Donald Park

Personal information
- Date of birth: 19 July 1953 (age 72)
- Place of birth: Caol, Scotland
- Position: Midfielder

Youth career
- 1969–1972: Caledonian

Senior career*
- Years: Team / Apps / (Gls)
- 1972–1978: Heart of Midlothian / 142 / (26)
- 1978–1983: Partick / 162 / (25)
- 1983–1985: Heart of Midlothian / 52 / (7)
- 1985–1986: Brechin City / 37 / (1)
- 1986–1988: Meadowbank Thistle / 84 / (11)
- Total:  / 477 / (70)

Managerial career
- 1992–1993: Meadowbank Thistle
- 1994–1995: Arbroath (co-manager)
- 2001: Hibernian (caretaker)
- 2004: Inverness CT (caretaker)
- 2017–2018: Scotland under-19

= Donald Park =

Scottish footballer & coach (born 1953)

Donald Park (born 19 July 1953) is a Scottish football player and coach.

==Playing career==
A product of the Scottish Highland Football League, Park was educated at Lochaber High School in the Highlands of North West Scotland. Donald Park joined Highland League club Caledonian as a 16-year-old in 1969. He was good friends with George Campbell, who became a professional footballer for Aberdeen FC. As a youth Park also played shinty. Park was capped several times at amateur international level by Scotland whilst with both Inverness Caledonian FC and Hearts FC.

Park turned professional when he signed for Heart of Midlothian in 1972. He spent six seasons at Tynecastle, initially as a winger then latterly as a central midfielder. In September 1978 he was transferred to Partick Thistle, in a swap deal involving Denis McQuade, and he played an important role for the Maryhill Magyars as they perennially fought relegation from the Premier Division. When the Glasgow side suffered demotion, Park returned to Hearts in May 1983. He ended his career with short spells at Brechin City and Meadowbank Thistle.

==Coaching career==
While he was a player at Meadowbank, Park moved into coaching and he was eventually appointed manager of the club in 1992. He left after a year, and then spent a short time as joint-manager of Arbroath with George Mackie in 1994, before joining Hibs as a coach in July of that year.
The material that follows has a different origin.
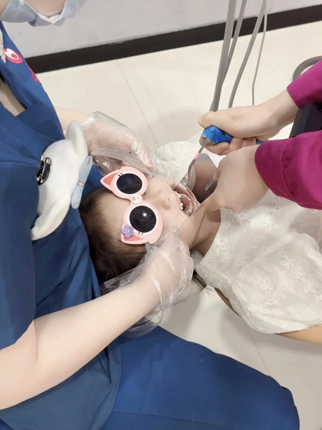 没想到她的团队真的太有耐心了!看🦷的动作轻轻的,还会时不时跟娃互动:“宝宝真棒,再坚持一下下哦”

He served as a youth coach under managers Alex Miller and Alex McLeish, and became the interim manager when McLeish left for Rangers in 2001. When Franck Sauzée was appointed as McLeish's successor, Park was promoted to the position of the assistant manager. Sauzee was sacked by Hibs after only 69 days as manager, and Park left the club at the end of the 2001–02 season. Park was credited with the development of young players including Derek Riordan, Kenny Miller, Ian Murray, Tam McManus and Garry O'Connor.

The departure of Ebbe Skovdahl from Aberdeen in November 2002 led in turn to the recruitment of the successful Inverness manager Steve Paterson and his assistant Duncan Shearer, leaving the Inverness post vacant. Following an extensive interview process, Livingston coach John Robertson was appointed and Park was appointed his assistant. The pair led Inverness to the Scottish First Division title in 2004 and promotion to the Scottish Premier League. Following Craig Levein's move to Leicester City, Robertson and Park were appointed to be the Hearts management team.

Robertson and Park's career at Hearts was brief and, despite reaching two cup semi-finals and achieving a fifth-place finish in the league, they were sacked and replaced by George Burley in 2005. Following the departure of Craig Brewster to Dundee Utd, Inverness appointed Charlie Christie to be interim manager. A number of high-profile names were linked with the vacancy including Park himself. Christie was appointed on 27 January 2006 with Park as his assistant. At the split in the 2005–06 season, Inverness narrowly missed out on a spot in the top half of the SPL.

He resigned as Caley Thistle assistant manager in August 2007 to move back to the Central Belt. He initially took a job with Raith Rovers before being appointed as Mixu Paatelainen's assistant at Hibernian in January 2008. Park served in this role for 18 months before being appointed as Head of Coach Education by the SFA. He was appointed coach of the Scotland under-19 team in August 2017, a position he held until May 2018.